═════ DATA IN THIS EXERCISE ═════

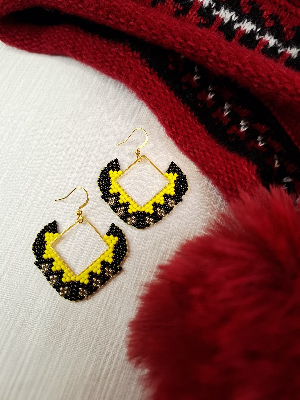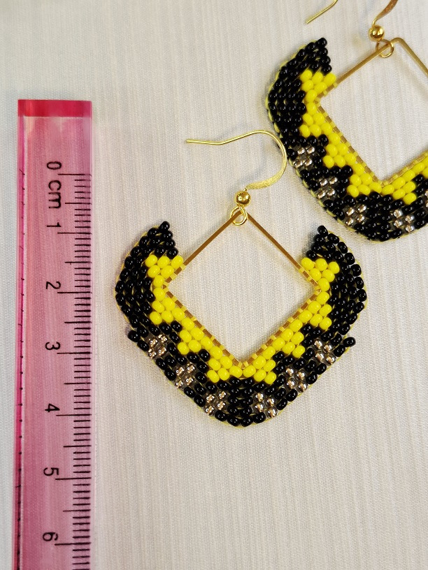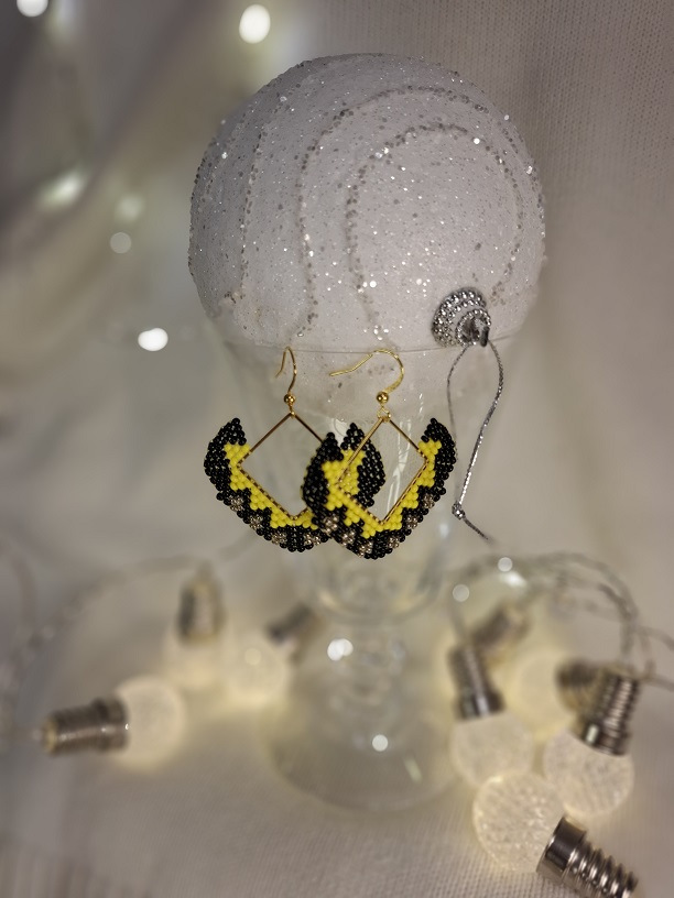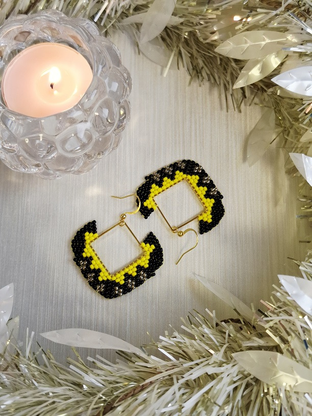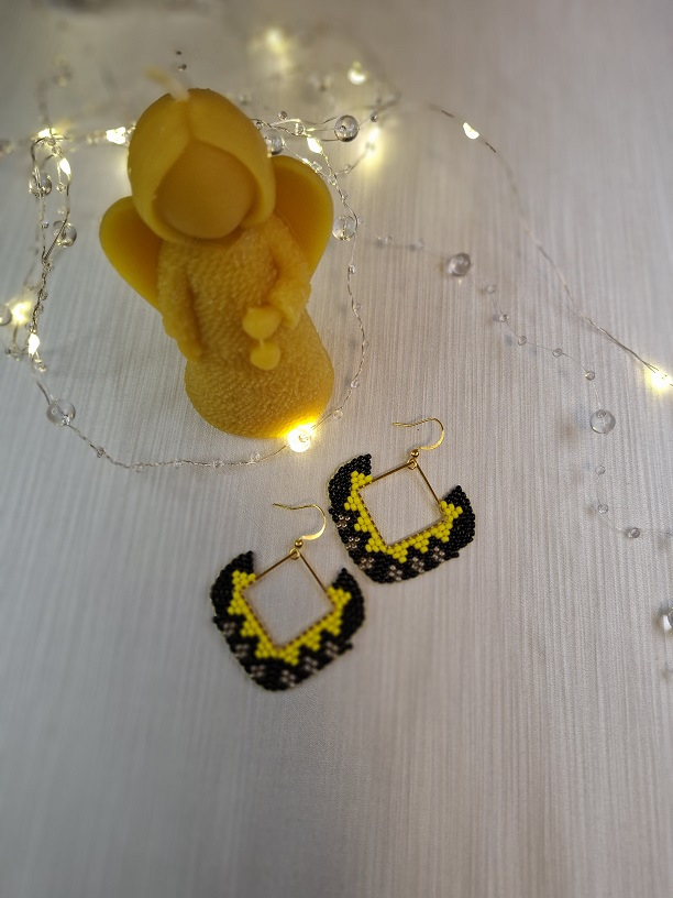 Tieto náušnice patria do série Kovové siluety, kde sa korálky spájajú s pevným kovovým rámikom zo šperkárskeho kovu, čím vzniká moderný a nadčasový dizajn. Použila som kvalitné české sklenené korálky v hladkej čiernej, ktorá sa hodí ku všetkému, doplnené o žlté trojuholníky a jemnú dymovo-platinovú farbu.
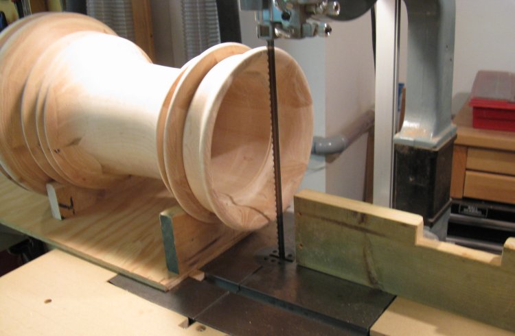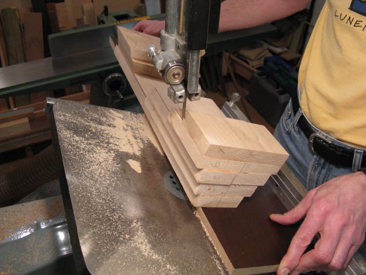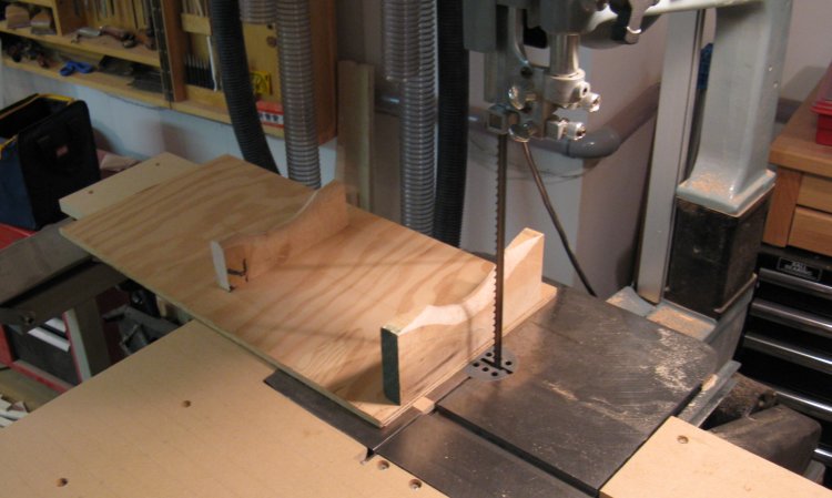 I made a simple jig to aid in cutting the sides. This was just a spare piece of MDF shelf screwed to the assembly. The shelf sat against the rip fence of the bandsaw to maintain a fixed distance for a straight cut.
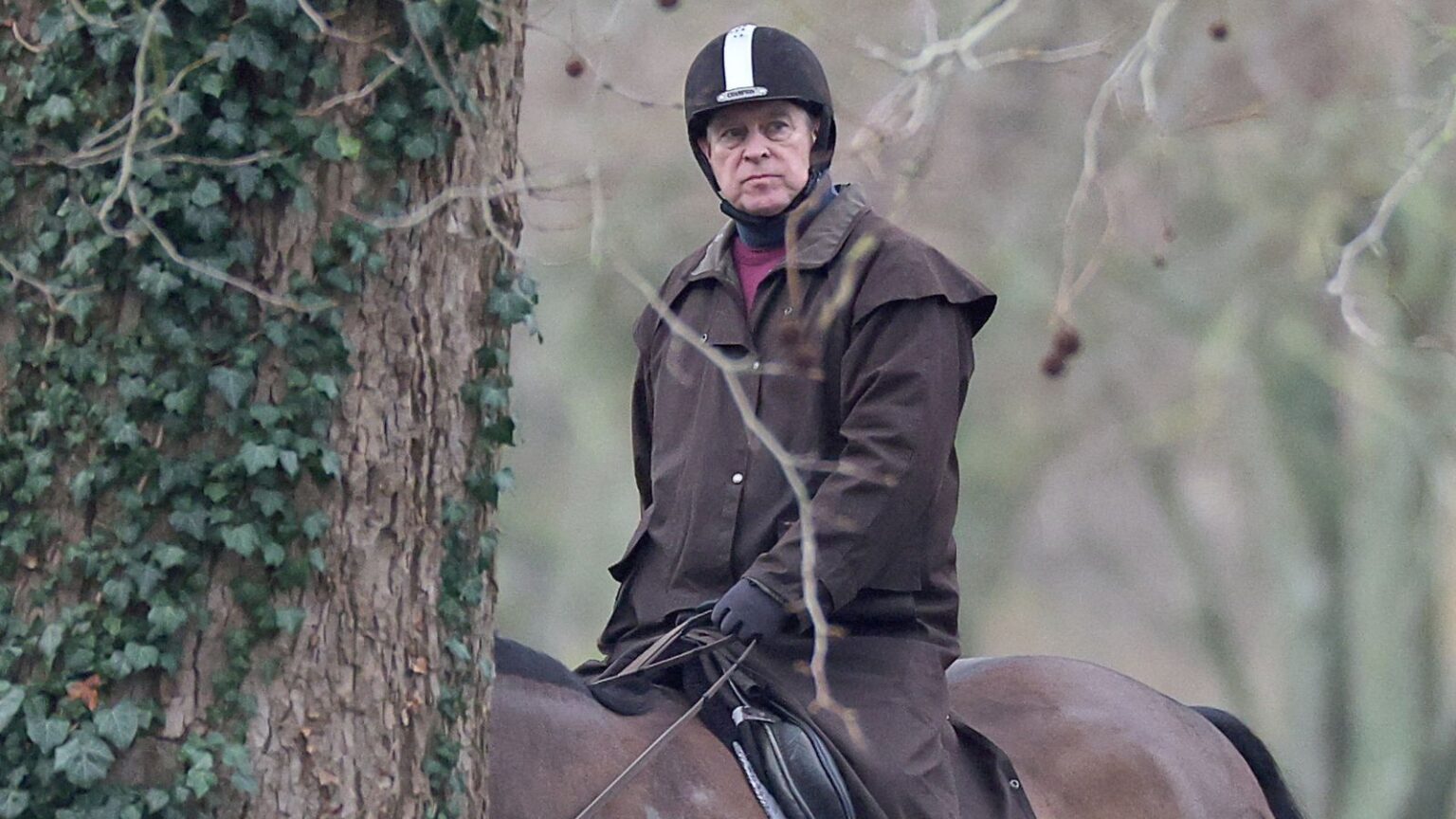 Andrew Mountbatten-Windsor rides a horse in Windsor Great Park. Pic: Reuters
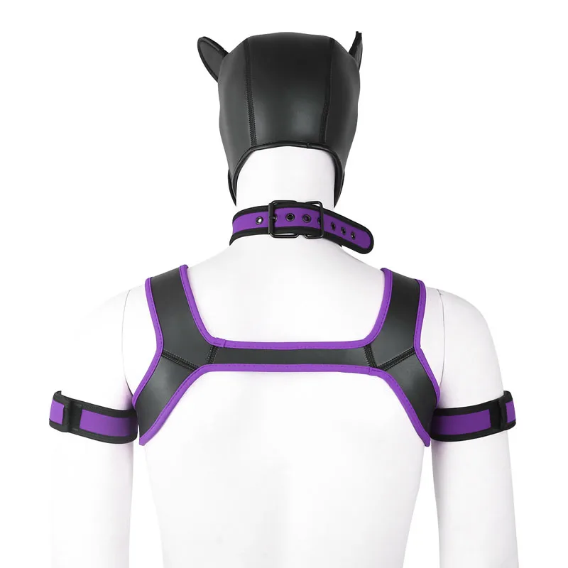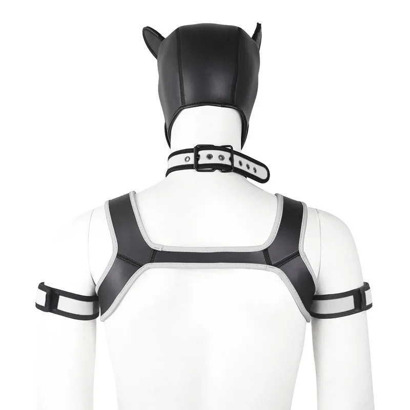 Капюшон имеет съемные мордочки.Материал: неопрен с губчатой подкладкой. Мягкий и прочный с влажным видом. Внутренняя сторона имеет мягкую губку, чтобы носить удобно.Размер на один размер:Окружность головы 58-61 смОбхват груди 90-100 см, высота 28 смШирина шеи 36-45 см регулируется пряжкамиПосылка на грудь: один нагрудный ременьКомплект: один капюшон, один воротник, одна пара повязок на руку, один нагрудный ремень
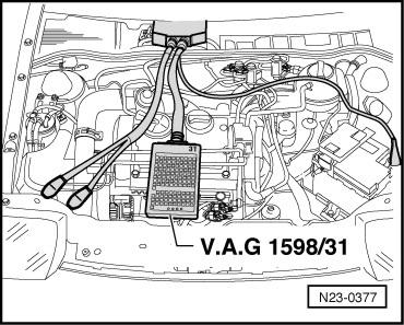 - Проверить провода между 121-контактным кабелем переходника -V.A.G 1598/31- и 4-контактным штекером в соответствии с электрической схемой на обрыв;
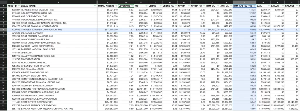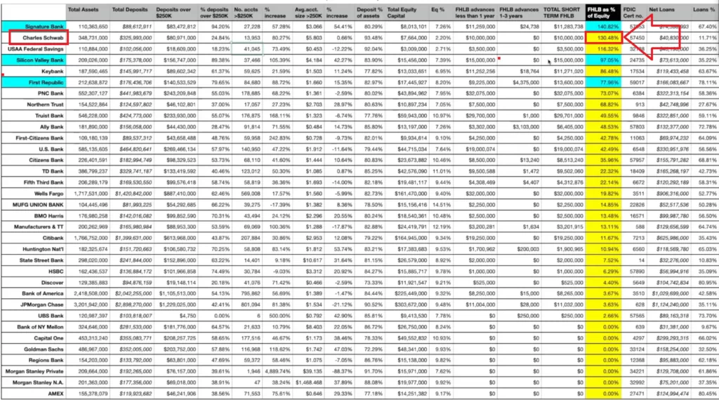 Charles Schwab ponad 130% całkowitego kapitału własnego zawdzięcza pożyczkom Federal Home Loan Bank (FHLB). Te (jak mówią plotki) mają niebawem zostać spłacone. Łączne aktywa firmy wynoszą 350 miliardów dolarów. FHLB to system federalnej pomocy bankowej dla kredytów nieruchomościowych. Zbudowany jest przez 11 federalnych banków sponsorowanych przez rząd Stanów Zjednoczonych. Instytucje te zapewniają płynność członkom instytucji finansowych. Cel? Ws[arcie finansowania mieszkaniowego i inwestycji społecznych. Zapożyczanie się w nich nigdy nie było tanie, a odsetki rosną wraz ze wzrostem stóp procentowych.
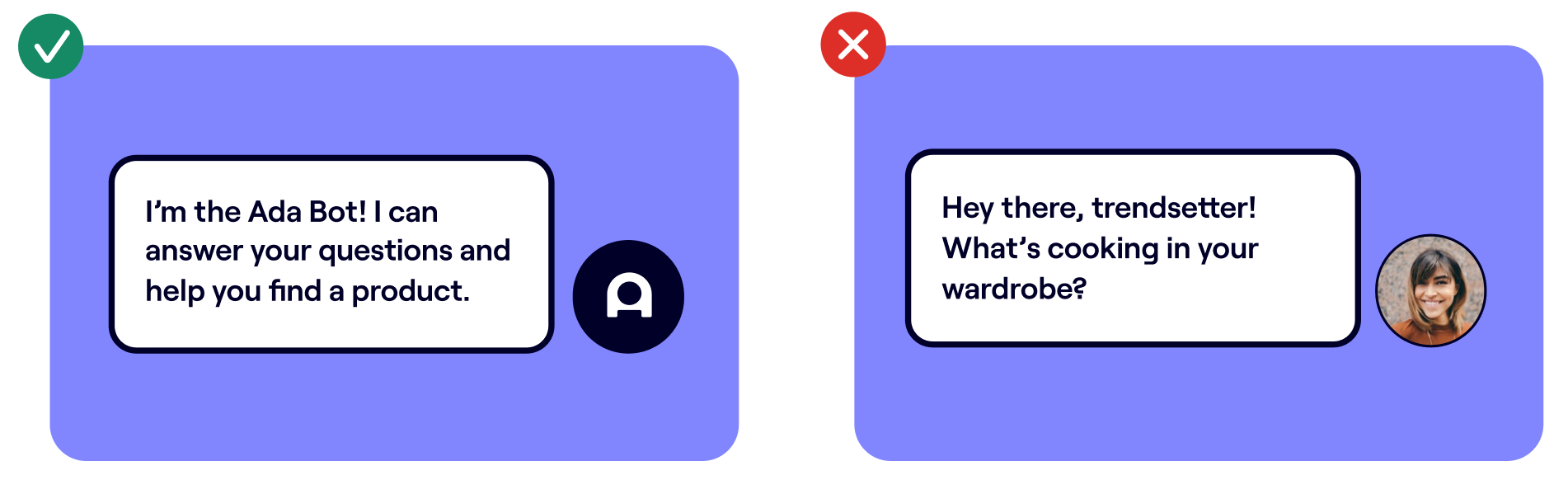 Branding your bot can make the chat experience feel personalized, polished, and fun, but the wrong branding can run the risk of confusing customers. With your branding, it’s important to:
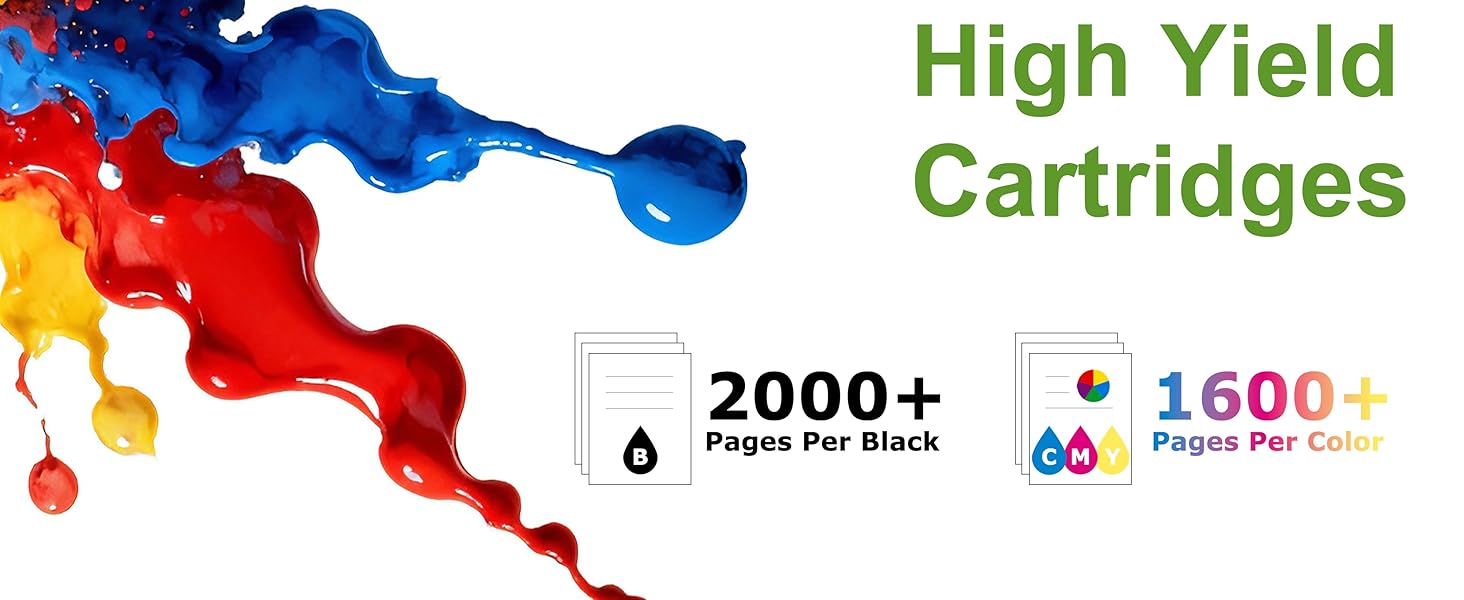 • إنتاجية عالية للصفحات: يمكن لخرطوشة الحبر الأسود 962 XL طباعة ما يصل إلى 2000 صفحة، ويمكن لخراطيش الحبر الملونة 962 XL طباعة 1600 صفحة لتلبية احتياجات الطباعة عالية التردد. (على أساس معدل تغطية 5%)
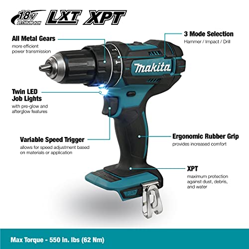 Ein kraftvoller, allgemein einsetzbarer Schlagbohrschrauber zum Schrauben und Bohren. Leistungsstarker Speicherzelle-Schlagbohrschrauber mit 18 V und einem 2-Gang-Vollmetall-Planetengetriebe. Das Schlagwerk ist je nach Anwendung abschaltbar, das max. Drehmoment beträgt 62 Nm. Dieses ist in 21 Spezifizieren einstellbar; Spezifikationen: Tiefentladeschutz. Das Anlage schaltet automatisch ab, wenn der Speicherzelle fast rührselig ist; Ablieferung im Karton ohne Speicherzelle, ohne Akkuladegerät, ohne Koffer; 2-Gang-Vollmetall-Planetengetriebe; Mit abschaltbarem Schlagwerk; Kraftvoller und sehr handlicher Speicherzelle-Bohrschrauber mit kurzer Bauform; Mit leuchtstarker Kopie-LED mit Nachglimmfunktion; Mit Rechts-/ Linkslauf; XPT – Xtreme Protection Technology. Optimaler Abschirmung gegen Staub und Spritzwasser bekannt als unter harten Bedingungen; Technische Details: Akkuschutzsystem; Leerlaufdrehzahl 0-600 / 1900 min-¹; Drehmoment hart/weich 62 / 36 Nm; Drehmomenteinstellungen 21; Leerlaufschlagzahl 0-9000 / 28 500min-¹; Bohrleistung in Holz 38 mm; Bohrleistung in Mauerwerk 13 mm; Bohrleistung in Stahl 13 mm; Bohrfutterspannweite 1,5 – 13 mm; Schallleistungspegel (LWA) 93 dB(A); Schalldruckpegel (LpA) 82 dB(A); K-Wert Geräusch 3 dB(A); Vibration ≤2,5 m/s²; Vibration Hammerbohren in Beton 6,0 m/s²; K-Wert Vibration 1,5 m/s²; Gewicht inkl. Speicherzelle (EPTA) 1,5 -1,8 kg
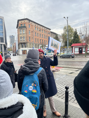 Dalej udaliśmy się na plac Kolegiacki, gdzie pan Czajko opowiedział o dawnej kolegiacie, która stała w tym miejscu. Usłyszeliśmy też historię Barbary Kani, wdowy po burmistrzu Poznania, która udała się na pieszą pielgrzymkę do Włoch; po powrocie ufundowała ołtarz w kolegiacie św. Marii Magdaleny.
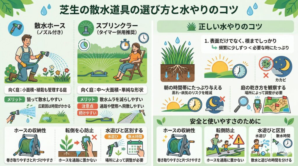 キワの処理ができなければ見た目は中途半端になりやすいですし、散水が大変すぎれば夏場に芝が弱りやすくなります。
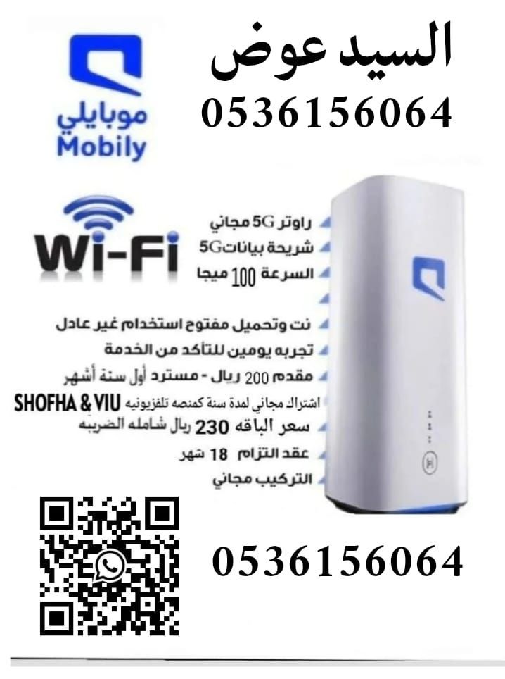 عرض موبايلي نت مفتوح لا محدود اشتراك شهري 230 ريال راوتر 5G دفعه مقدمه مع التفعيل 200 ريال الجهاز والشريحة مجاني المقدم مسترد الشهر الرابع
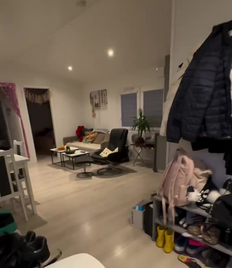 “Просто шикарно, сучасно взагалі! Приємно, як то кажуть. Всередині будинок ось так виглядає, наче студія. Кухня, тут одна спальня, тут інша. Велика кімната. Є санвузол, туалет”, — проводить чоловік екскурсію соціальним житлом.

═════

WORK ITEM
Repeat, word for word, each of the records, omitting any image they hold.

ANSWER FOR THIS EXERCISE
 Tieto náušnice patria do série Kovové siluety, kde sa korálky spájajú s pevným kovovým rámikom zo šperkárskeho kovu, čím vzniká moderný a nadčasový dizajn. Použila som kvalitné české sklenené korálky v hladkej čiernej, ktorá sa hodí ku všetkému, doplnené o žlté trojuholníky a jemnú dymovo-platinovú farbu.
 I made a simple jig to aid in cutting the sides. This was just a spare piece of MDF shelf screwed to the assembly. The shelf sat against the rip fence of the bandsaw to maintain a fixed distance for a straight cut.
 Andrew Mountbatten-Windsor rides a horse in Windsor Great Park. Pic: Reuters
 Капюшон имеет съемные мордочки.Материал: неопрен с губчатой подкладкой. Мягкий и прочный с влажным видом. Внутренняя сторона имеет мягкую губку, чтобы носить удобно.Размер на один размер:Окружность головы 58-61 смОбхват груди 90-100 см, высота 28 смШирина шеи 36-45 см регулируется пряжкамиПосылка на грудь: один нагрудный ременьКомплект: один капюшон, один воротник, одна пара повязок на руку, один нагрудный ремень
 - Проверить провода между 121-контактным кабелем переходника -V.A.G 1598/31- и 4-контактным штекером в соответствии с электрической схемой на обрыв;
 Charles Schwab ponad 130% całkowitego kapitału własnego zawdzięcza pożyczkom Federal Home Loan Bank (FHLB). Te (jak mówią plotki) mają niebawem zostać spłacone. Łączne aktywa firmy wynoszą 350 miliardów dolarów. FHLB to system federalnej pomocy bankowej dla kredytów nieruchomościowych. Zbudowany jest przez 11 federalnych banków sponsorowanych przez rząd Stanów Zjednoczonych. Instytucje te zapewniają płynność członkom instytucji finansowych. Cel? Ws[arcie finansowania mieszkaniowego i inwestycji społecznych. Zapożyczanie się w nich nigdy nie było tanie, a odsetki rosną wraz ze wzrostem stóp procentowych.
 Branding your bot can make the chat experience feel personalized, polished, and fun, but the wrong branding can run the risk of confusing customers. With your branding, it’s important to:
 • إنتاجية عالية للصفحات: يمكن لخرطوشة الحبر الأسود 962 XL طباعة ما يصل إلى 2000 صفحة، ويمكن لخراطيش الحبر الملونة 962 XL طباعة 1600 صفحة لتلبية احتياجات الطباعة عالية التردد. (على أساس معدل تغطية 5%)
 Ein kraftvoller, allgemein einsetzbarer Schlagbohrschrauber zum Schrauben und Bohren. Leistungsstarker Speicherzelle-Schlagbohrschrauber mit 18 V und einem 2-Gang-Vollmetall-Planetengetriebe. Das Schlagwerk ist je nach Anwendung abschaltbar, das max. Drehmoment beträgt 62 Nm. Dieses ist in 21 Spezifizieren einstellbar; Spezifikationen: Tiefentladeschutz. Das Anlage schaltet automatisch ab, wenn der Speicherzelle fast rührselig ist; Ablieferung im Karton ohne Speicherzelle, ohne Akkuladegerät, ohne Koffer; 2-Gang-Vollmetall-Planetengetriebe; Mit abschaltbarem Schlagwerk; Kraftvoller und sehr handlicher Speicherzelle-Bohrschrauber mit kurzer Bauform; Mit leuchtstarker Kopie-LED mit Nachglimmfunktion; Mit Rechts-/ Linkslauf; XPT – Xtreme Protection Technology. Optimaler Abschirmung gegen Staub und Spritzwasser bekannt als unter harten Bedingungen; Technische Details: Akkuschutzsystem; Leerlaufdrehzahl 0-600 / 1900 min-¹; Drehmoment hart/weich 62 / 36 Nm; Drehmomenteinstellungen 21; Leerlaufschlagzahl 0-9000 / 28 500min-¹; Bohrleistung in Holz 38 mm; Bohrleistung in Mauerwerk 13 mm; Bohrleistung in Stahl 13 mm; Bohrfutterspannweite 1,5 – 13 mm; Schallleistungspegel (LWA) 93 dB(A); Schalldruckpegel (LpA) 82 dB(A); K-Wert Geräusch 3 dB(A); Vibration ≤2,5 m/s²; Vibration Hammerbohren in Beton 6,0 m/s²; K-Wert Vibration 1,5 m/s²; Gewicht inkl. Speicherzelle (EPTA) 1,5 -1,8 kg
 Dalej udaliśmy się na plac Kolegiacki, gdzie pan Czajko opowiedział o dawnej kolegiacie, która stała w tym miejscu. Usłyszeliśmy też historię Barbary Kani, wdowy po burmistrzu Poznania, która udała się na pieszą pielgrzymkę do Włoch; po powrocie ufundowała ołtarz w kolegiacie św. Marii Magdaleny.
 キワの処理ができなければ見た目は中途半端になりやすいですし、散水が大変すぎれば夏場に芝が弱りやすくなります。
 عرض موبايلي نت مفتوح لا محدود اشتراك شهري 230 ريال راوتر 5G دفعه مقدمه مع التفعيل 200 ريال الجهاز والشريحة مجاني المقدم مسترد الشهر الرابع
 “Просто шикарно, сучасно взагалі! Приємно, як то кажуть. Всередині будинок ось так виглядає, наче студія. Кухня, тут одна спальня, тут інша. Велика кімната. Є санвузол, туалет”, — проводить чоловік екскурсію соціальним житлом.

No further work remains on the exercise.